AUTHOR=Zhou Zhipeng , Qiu Yifeng , Li Kun , Sun Qi , Xie Ming , Huang Pengcheng , Yu Yao , Wang Benlin , Xue Jingwen , Zhu Zhangrui , Feng Zhengyuan , Zhao Jie , Wu Peng TITLE=Unraveling the impact of Lactobacillus spp. and other urinary microorganisms on the efficacy of mirabegron in female patients with overactive bladder JOURNAL=Frontiers in Cellular and Infection Microbiology VOLUME=12 YEAR=2022 URL=https://www.frontiersin.org/journals/cellular-and-infection-microbiology/articles/10.3389/fcimb.2022.1030315 DOI=10.3389/fcimb.2022.1030315 ISSN=2235-2988 ABSTRACT=Objective

Overactive bladder (OAB) is a disease that seriously affects patients’ quality of life and mental health. To address this issue, more and more researchers are examining the relationship between OAB treatment and urinary microecology.
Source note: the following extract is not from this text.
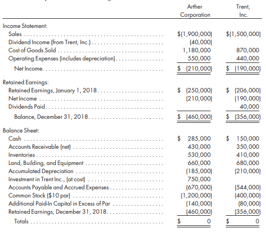 Arther Trent, Corporation Inc. Income Statement: Sales $(1,900,000) (40,000) 1,180,000 550,000 $(1,500,000) Dividend Income (from Trent, Inc.). Cost of Goods Sold . 870,000 440,000 Operating Expenses (includes depreciation). Net Income.. $ (210,000) $ (190,000) Retained Earnings: Retained Earnings, January 1, 2018. $ (250,000) (210,000) $ (206,000) (190,000) 40,000 $ (356,000) Net Income Dividends Paid. Balance, December 31, 2018. $ (460,000) Balance Sheet: $ 285,000 $ 150,000 350,000 410,000 680,000 Cash Accounts Receivable (net) 430,000 530,000 660,000 Inventories. Land, Building, and Equipment Accumulated depreciation Investment in Trent Inc., (at cost) Accounts Payable and Accrued Expenses. Common Stock ($10 par) Additional Paid-In Capital in Excess of Par Retained Earnings, December 31, 2018. (185,000) 750,000 (210,000) (670,000) (1,200,000) (140,000) (544,000) (400,000) (80,000) (356,000) (460,000) Totals %24 24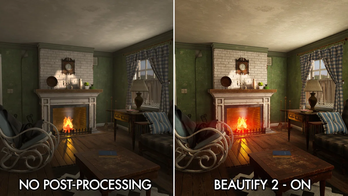 Beautify 3 – Advanced Post Processing applies as a full-screen image post processing effect, so it changes the look of the entire frame rather than a small isolated element. Its core enhancement algorithm is meant to improve image quality in real time, giving scenes a crisper and more vivid presentation while also restoring or augmenting image detail.

In this study, we sought to determine whether differences in treatment efficacy were related to microbiome diversity and composition as well as the abundance of specific genera. Machine learning algorithms were used to construct predictive models for urine microbiota-based treatment of OAB.

Methods

Urine samples were obtained from 64 adult female OAB patients for 16S rRNA gene sequencing. Patients’ overactive bladder symptom scores (OABSS) were collected before and after mirabegron treatment and patients were divided into effective and ineffective groups. The relationship between the relative abundance of certain genera and OABSS were analyzed. Three machine learning algorithms, including random forest (RF), supporting vector machine (SVM) and eXtreme gradient boosting (XGBoost) were utilized to predict the therapeutic effect of mirabegron based on the relative abundance of certain genera in OAB patients’ urine microbiome.

Results

The species composition of the two groups differed. For one, the relative abundance of Lactobacillus was significantly higher in the effective group than in the ineffective group. In addition, the relative abundance of Gardnerella and Prevotella in the effective group was significantly lower than in the ineffective group. Alpha-diversity and beta-diversity differed significantly between the two groups. LEfSe analysis revealed that Lactobacillus abundance increased while Prevotella and Gardnerella abundance decreased in the effective group. The Lactobacillus abundance ROC curve had high predictive accuracy. The OABSS after treatment was negatively correlated with the abundance of Lactobacillus, whereas the relationship between OABSS and Prevotella and Gardnerella showed the opposite trend. In addition, RF, SVM and XGBoost models demonstrated high predictive ability to assess the effect of mirabegron in OAB patients in the test cohort.

Conclusions

The results of this study indicate that urinary microbiota might influence the efficacy of mirabegron, and that Lactobacillus might be a potential marker for evaluating the therapeutic efficacy of mirabegron in OAB patients.